Extracted records:
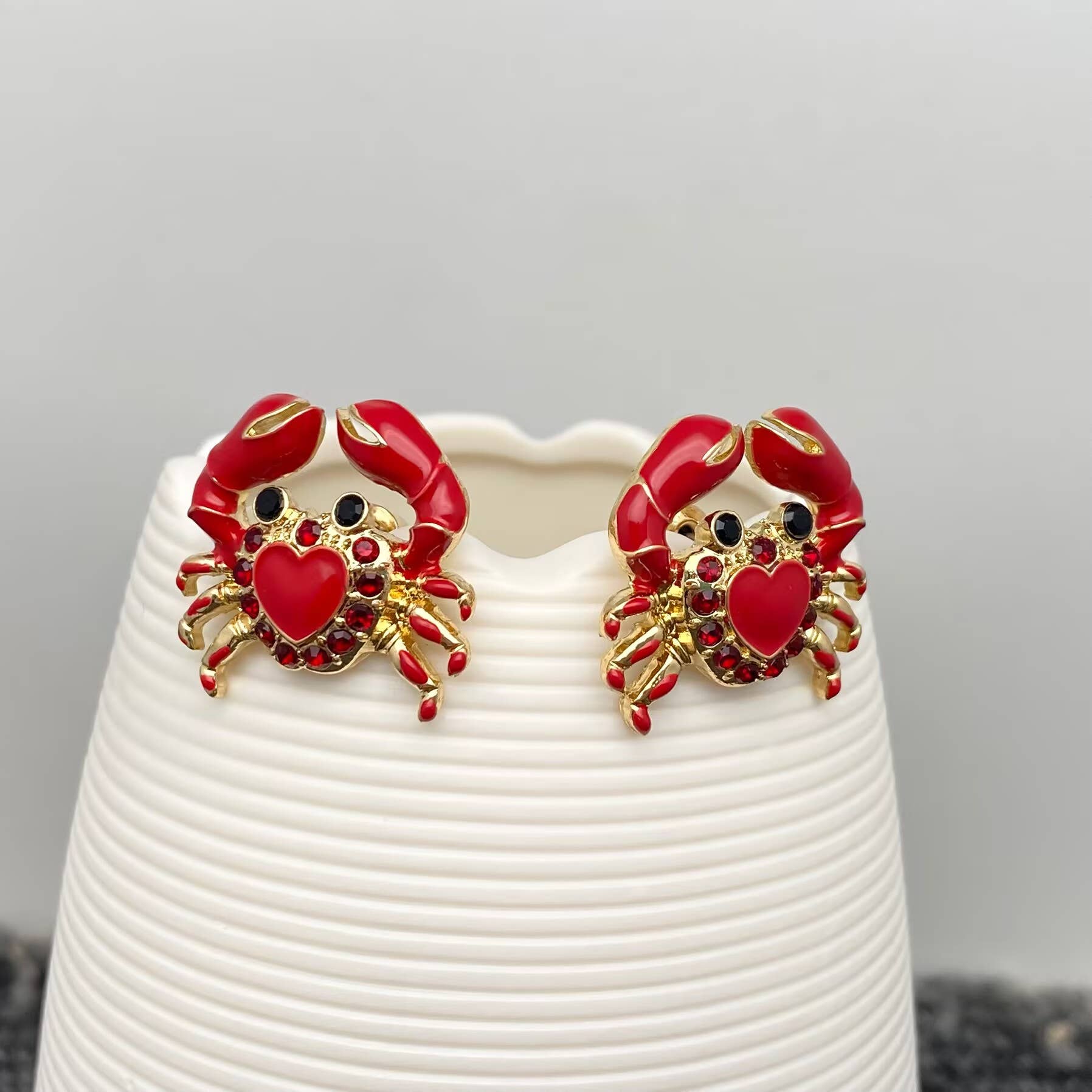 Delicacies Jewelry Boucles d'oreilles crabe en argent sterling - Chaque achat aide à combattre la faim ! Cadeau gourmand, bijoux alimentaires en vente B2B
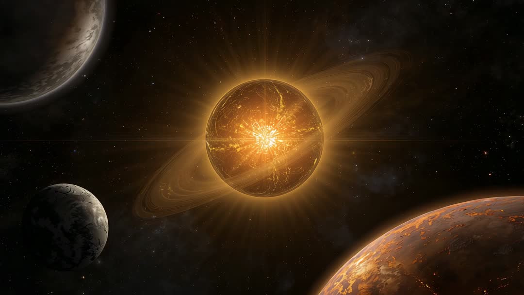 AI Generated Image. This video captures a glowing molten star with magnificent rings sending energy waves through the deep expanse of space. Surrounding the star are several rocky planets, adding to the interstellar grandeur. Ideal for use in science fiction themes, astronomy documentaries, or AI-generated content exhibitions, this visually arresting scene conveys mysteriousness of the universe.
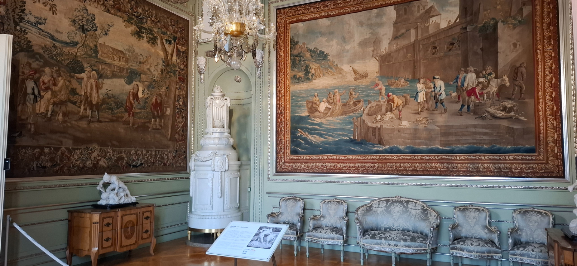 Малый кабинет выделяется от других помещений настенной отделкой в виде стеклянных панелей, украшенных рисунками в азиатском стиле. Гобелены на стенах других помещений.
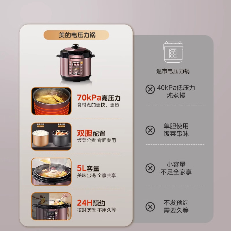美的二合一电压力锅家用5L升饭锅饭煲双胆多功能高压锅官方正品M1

* * *

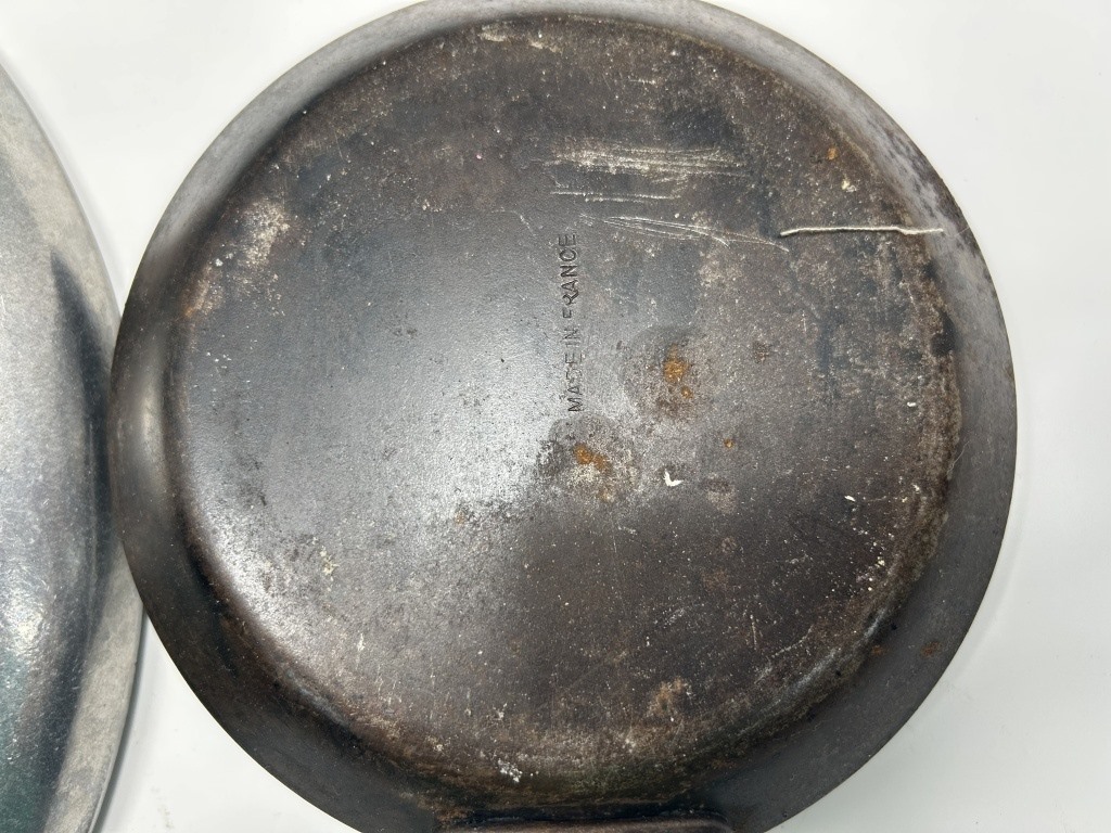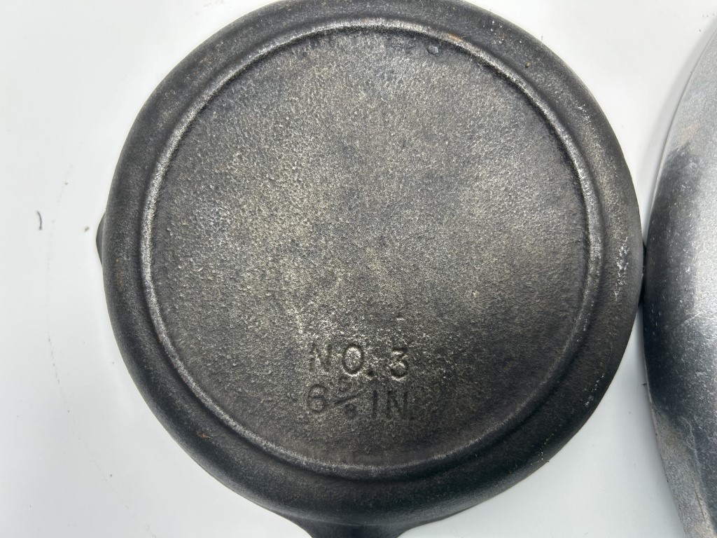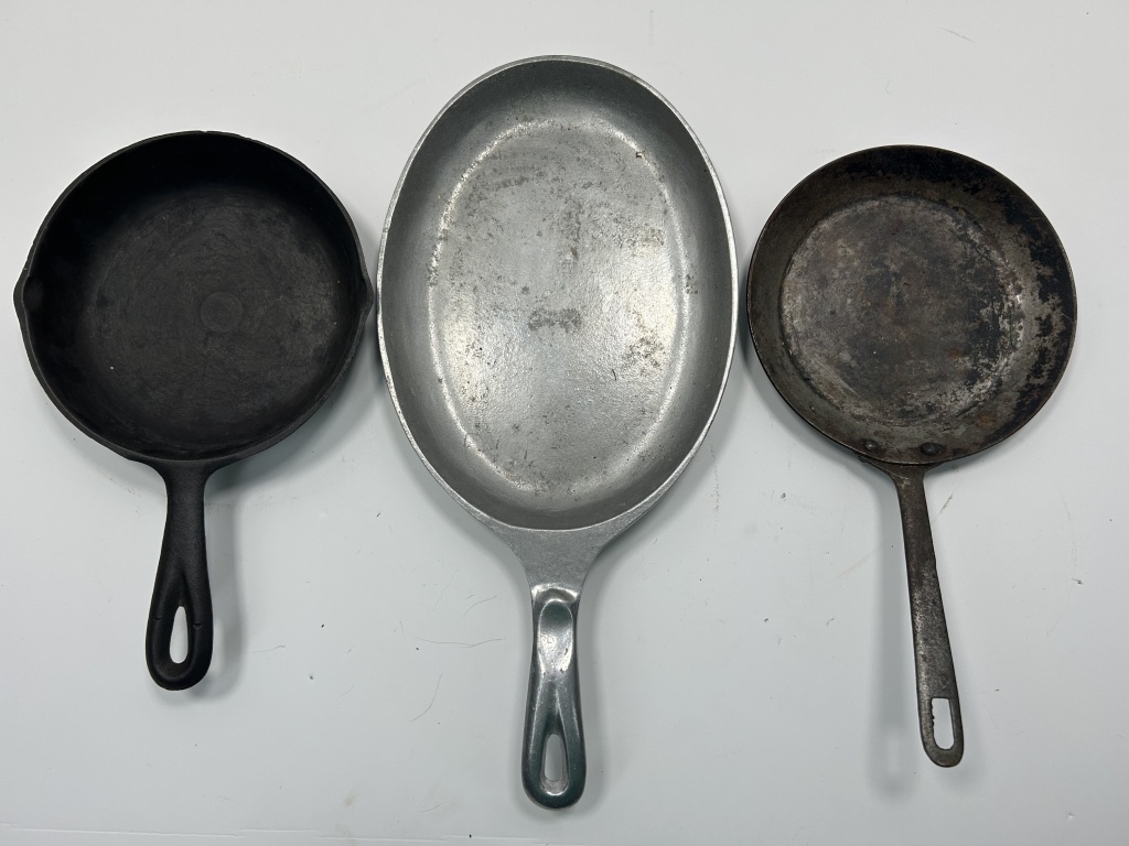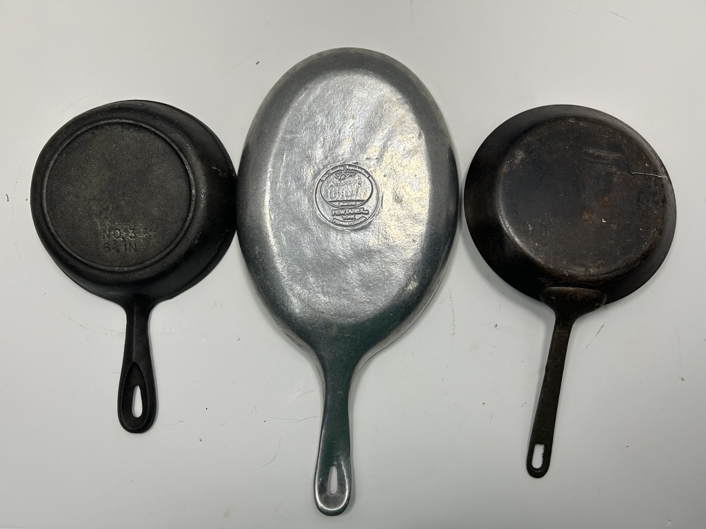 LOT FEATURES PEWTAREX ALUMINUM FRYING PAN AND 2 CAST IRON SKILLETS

Aim of the exercise: Although pictures appear among the records above, write out exactly only the lines from the one that has "Delicacies Jewelry Boucles" through the one that has "美的二合一电压力锅家用5L升饭锅饭煲双胆多功能高压锅官方正品M1", and leave the pictures out.

Task solution:
 Delicacies Jewelry Boucles d'oreilles crabe en argent sterling - Chaque achat aide à combattre la faim ! Cadeau gourmand, bijoux alimentaires en vente B2B
 AI Generated Image. This video captures a glowing molten star with magnificent rings sending energy waves through the deep expanse of space. Surrounding the star are several rocky planets, adding to the interstellar grandeur. Ideal for use in science fiction themes, astronomy documentaries, or AI-generated content exhibitions, this visually arresting scene conveys mysteriousness of the universe.
 Малый кабинет выделяется от других помещений настенной отделкой в виде стеклянных панелей, украшенных рисунками в азиатском стиле. Гобелены на стенах других помещений.
美的二合一电压力锅家用5L升饭锅饭煲双胆多功能高压锅官方正品M1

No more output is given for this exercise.